Each SpanConfidence includes the span text, its confidence score, status, and the identifier of the best matching source if any.

Configuration

The HallucinationConfig class provides control over how metrics are computed.

from cite_right import HallucinationConfig, compute_hallucination_metrics

config = HallucinationConfig(
    weak_citation_threshold=0.4,
    include_partial_in_grounded=True
)

metrics = compute_hallucination_metrics(results, config=config)

The weak_citation_threshold parameter sets the minimum answer coverage score for a citation to be considered adequate. Citations below this threshold are counted as weak.

The include_partial_in_grounded parameter controls whether partial matches contribute to the groundedness score. Setting this to False produces a stricter groundedness metric that only counts fully supported spans.

Convenience Functions

For common use cases, high-level convenience functions provide quick answers.

is_grounded

The is_grounded function returns a boolean indicating whether the answer meets a groundedness threshold.

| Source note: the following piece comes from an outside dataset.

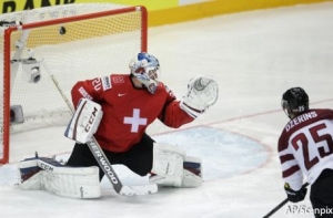 Первую шайбу в ворота сборной Швейцарии во втором периоде забросил Андрис Джериньш.

from cite_right import is_grounded

if is_grounded(answer, sources, threshold=0.6):
    # Proceed with the response
    pass
else:
    # Request clarification or regenerate
    pass

This function internally calls align_citations and compute_hallucination_metrics, making it a one-step check suitable for quality gates.

is_hallucinated

The is_hallucinated function checks whether the hallucination rate exceeds a threshold.

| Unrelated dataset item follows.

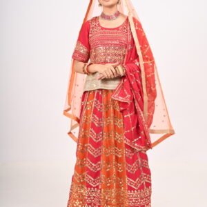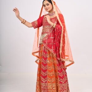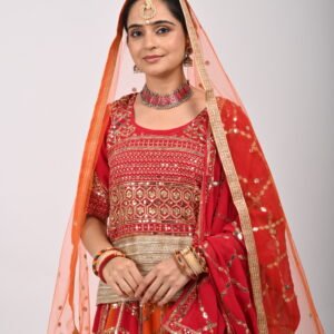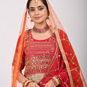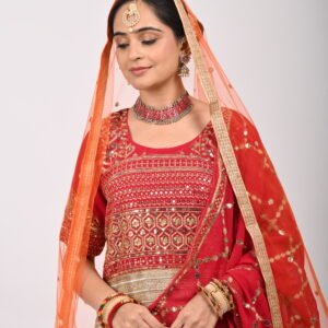Red-Orange Embroidered Bridal Lehenga with Heavy Zari Work, Blouse & Net Dupatta

from cite_right import is_hallucinated

if is_hallucinated(answer, sources, threshold=0.3):
    print("Warning: Answer may contain hallucinations")

This provides the inverse perspective from is_grounded, focusing on problem content.

check_groundedness

The check_groundedness function combines alignment and metrics computation in a single call, returning the full HallucinationMetrics object.

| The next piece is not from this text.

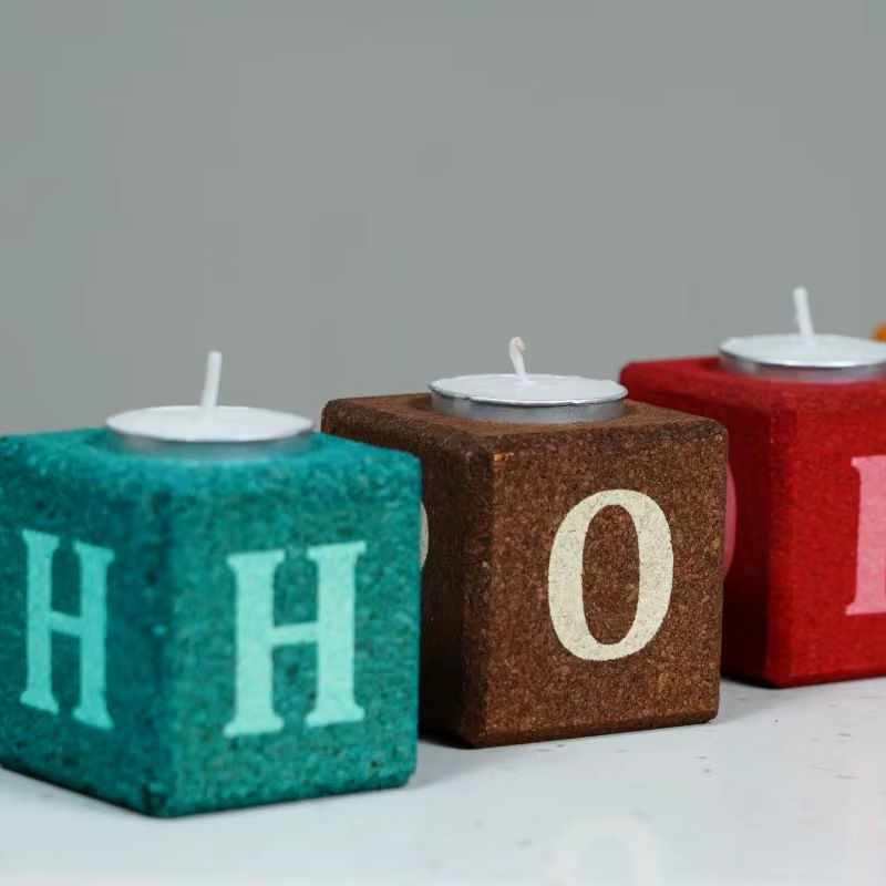 Bougies décoratives en résine unique de support de lumière de thé de cube en bambou fait main coloré pour la maison et les événements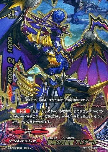 Japanese title: バディファイト/超ガチレア/モンスター/ダークネスドラゴンW/[BF-X-CP03]バッツ キャラクターパック第3弾「よっしゃ!! 100円ダークネスドラゴン」 X-CP03/0004[超ガチレア]:戦域の支配者 アビゲール

from cite_right import check_groundedness

metrics = check_groundedness(answer, sources)
print(f"Groundedness: {metrics.groundedness_score:.1%}")
print(f"Problematic spans: {len(metrics.unsupported_spans)}")

This is useful when you need both the boolean decision and the detailed metrics for logging or analysis.

Integration Patterns

Quality Gate

Use hallucination detection as a quality gate before presenting responses to users.

def generate_with_verification(query, sources):
    answer = generate_answer(query, sources)
    metrics = check_groundedness(answer, sources)

    if metrics.groundedness_score < 0.5:
        return regenerate_with_emphasis_on_sources(query, sources)

    return answer

User Interface Indicators

Display confidence indicators in the user interface based on hallucination metrics.

def get_confidence_indicator(metrics):
    if metrics.groundedness_score > 0.8:
        return "high_confidence"
    elif metrics.groundedness_score > 0.5:
        return "moderate_confidence"
    else:
        return "low_confidence"

Logging and Monitoring

Track hallucination rates over time to identify model or prompt degradation.

import logging

def log_hallucination_metrics(query, answer, metrics):
    logging.info(
        "hallucination_check",
        extra={
            "query_hash": hash(query),
            "groundedness": metrics.groundedness_score,
            "hallucination_rate": metrics.hallucination_rate,
            "unsupported_count": metrics.num_unsupported
        }
    )

Limitations

Hallucination detection identifies answer content that lacks source support. It does not verify factual accuracy beyond the provided sources. If a source document itself contains errors, the detection will still mark content derived from it as grounded.

The detection is also limited to explicit textual alignment. Logical inferences that are correct but not stated verbatim in sources will be marked as unsupported. Applications requiring inference verification need additional techniques beyond citation alignment.